***** MATERIAL FOR THIS EXERCISE *****

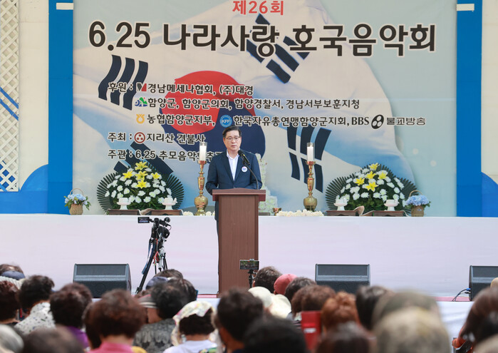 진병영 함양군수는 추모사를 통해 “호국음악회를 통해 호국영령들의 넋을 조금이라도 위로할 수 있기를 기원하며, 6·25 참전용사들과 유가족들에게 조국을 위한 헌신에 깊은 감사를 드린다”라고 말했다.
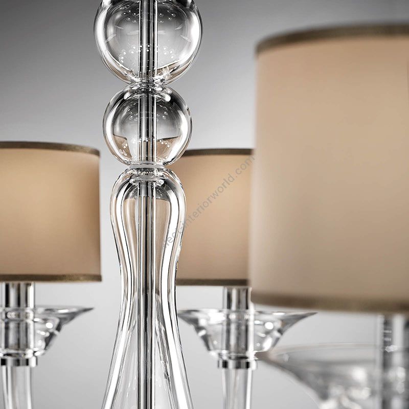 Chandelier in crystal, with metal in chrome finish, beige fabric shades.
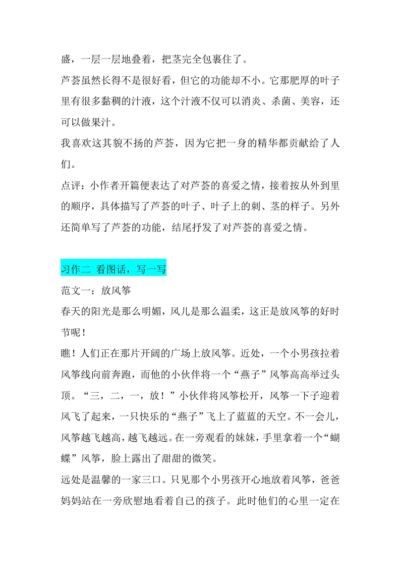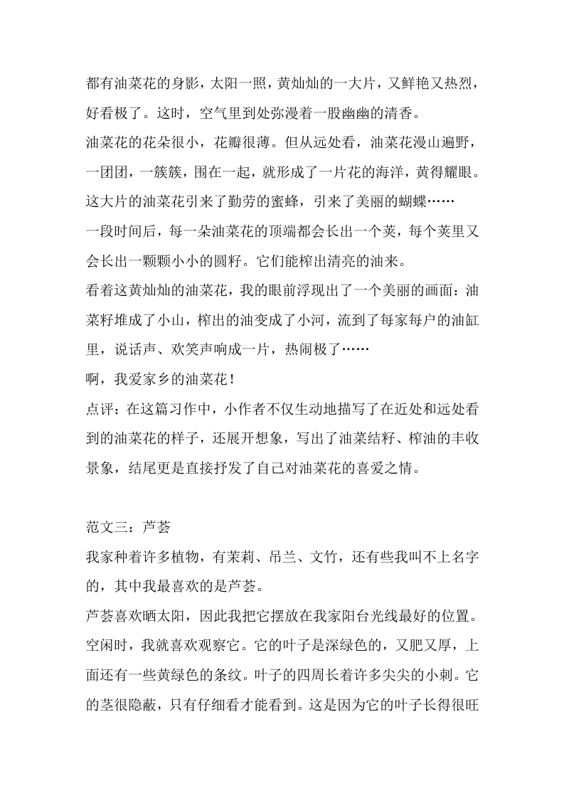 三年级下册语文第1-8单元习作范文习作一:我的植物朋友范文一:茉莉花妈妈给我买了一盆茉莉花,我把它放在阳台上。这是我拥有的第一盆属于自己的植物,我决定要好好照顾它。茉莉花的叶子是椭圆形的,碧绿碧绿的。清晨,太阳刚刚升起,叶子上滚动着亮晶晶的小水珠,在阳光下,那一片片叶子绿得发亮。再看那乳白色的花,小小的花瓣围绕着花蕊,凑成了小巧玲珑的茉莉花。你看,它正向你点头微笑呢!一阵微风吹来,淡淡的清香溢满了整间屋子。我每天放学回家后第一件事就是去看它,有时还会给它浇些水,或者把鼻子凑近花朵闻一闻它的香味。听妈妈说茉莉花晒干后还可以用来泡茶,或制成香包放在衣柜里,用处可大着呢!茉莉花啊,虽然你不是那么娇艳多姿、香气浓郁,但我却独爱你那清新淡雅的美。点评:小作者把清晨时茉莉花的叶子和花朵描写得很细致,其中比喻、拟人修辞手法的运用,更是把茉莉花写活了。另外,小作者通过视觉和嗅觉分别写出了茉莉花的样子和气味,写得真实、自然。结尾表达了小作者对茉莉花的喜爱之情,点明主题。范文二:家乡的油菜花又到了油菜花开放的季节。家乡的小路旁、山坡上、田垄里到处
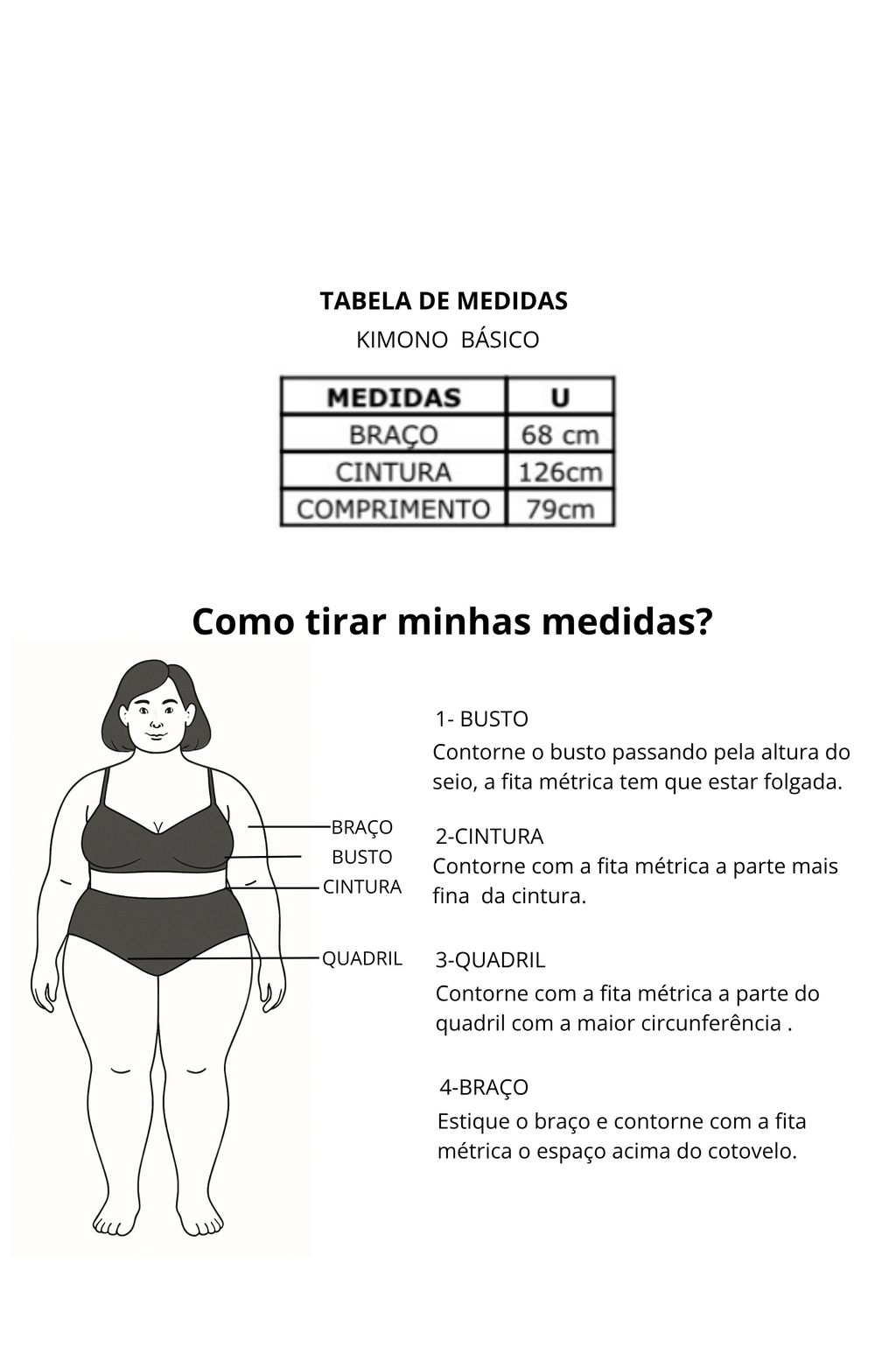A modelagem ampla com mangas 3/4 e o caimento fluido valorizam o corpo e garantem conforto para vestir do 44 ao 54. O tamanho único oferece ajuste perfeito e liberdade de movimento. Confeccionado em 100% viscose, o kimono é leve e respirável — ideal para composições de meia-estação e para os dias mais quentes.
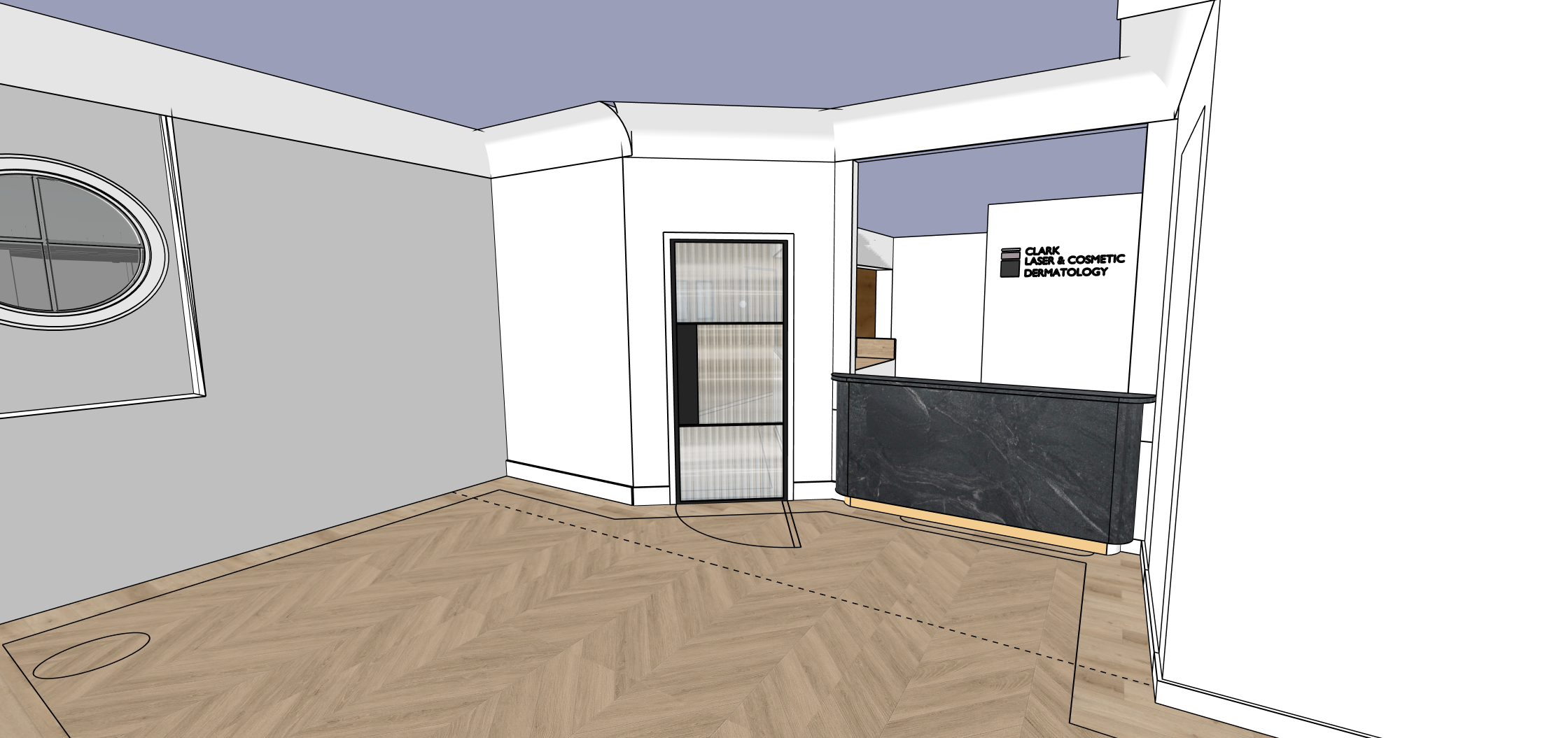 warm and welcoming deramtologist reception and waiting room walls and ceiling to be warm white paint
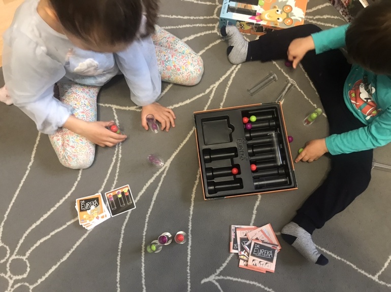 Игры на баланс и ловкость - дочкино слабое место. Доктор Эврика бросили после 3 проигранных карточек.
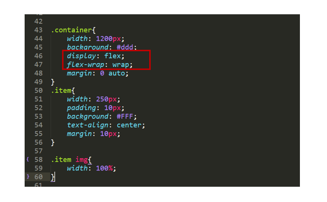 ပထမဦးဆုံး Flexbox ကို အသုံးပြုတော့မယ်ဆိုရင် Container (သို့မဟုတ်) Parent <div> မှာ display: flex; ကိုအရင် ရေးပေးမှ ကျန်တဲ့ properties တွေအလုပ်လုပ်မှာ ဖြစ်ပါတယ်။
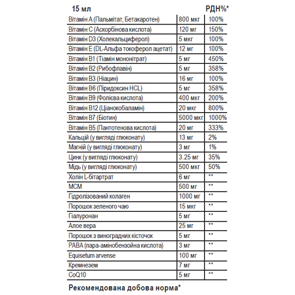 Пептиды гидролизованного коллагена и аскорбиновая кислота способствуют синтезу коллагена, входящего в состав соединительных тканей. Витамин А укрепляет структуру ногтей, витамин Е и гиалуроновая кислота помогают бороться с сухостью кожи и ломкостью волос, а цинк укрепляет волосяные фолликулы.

*****

*TASK INSTRUCTIONS*.
Skipping every picture, transcribe exactly the lines above from the one containing "三年级下册语文第1-8单元习" through the one containing "warm and welcoming", both included.

*RESPONSE*.
 三年级下册语文第1-8单元习作范文习作一:我的植物朋友范文一:茉莉花妈妈给我买了一盆茉莉花,我把它放在阳台上。这是我拥有的第一盆属于自己的植物,我决定要好好照顾它。茉莉花的叶子是椭圆形的,碧绿碧绿的。清晨,太阳刚刚升起,叶子上滚动着亮晶晶的小水珠,在阳光下,那一片片叶子绿得发亮。再看那乳白色的花,小小的花瓣围绕着花蕊,凑成了小巧玲珑的茉莉花。你看,它正向你点头微笑呢!一阵微风吹来,淡淡的清香溢满了整间屋子。我每天放学回家后第一件事就是去看它,有时还会给它浇些水,或者把鼻子凑近花朵闻一闻它的香味。听妈妈说茉莉花晒干后还可以用来泡茶,或制成香包放在衣柜里,用处可大着呢!茉莉花啊,虽然你不是那么娇艳多姿、香气浓郁,但我却独爱你那清新淡雅的美。点评:小作者把清晨时茉莉花的叶子和花朵描写得很细致,其中比喻、拟人修辞手法的运用,更是把茉莉花写活了。另外,小作者通过视觉和嗅觉分别写出了茉莉花的样子和气味,写得真实、自然。结尾表达了小作者对茉莉花的喜爱之情,点明主题。范文二:家乡的油菜花又到了油菜花开放的季节。家乡的小路旁、山坡上、田垄里到处
A modelagem ampla com mangas 3/4 e o caimento fluido valorizam o corpo e garantem conforto para vestir do 44 ao 54. O tamanho único oferece ajuste perfeito e liberdade de movimento. Confeccionado em 100% viscose, o kimono é leve e respirável — ideal para composições de meia-estação e para os dias mais quentes.
 warm and welcoming deramtologist reception and waiting room walls and ceiling to be warm white paint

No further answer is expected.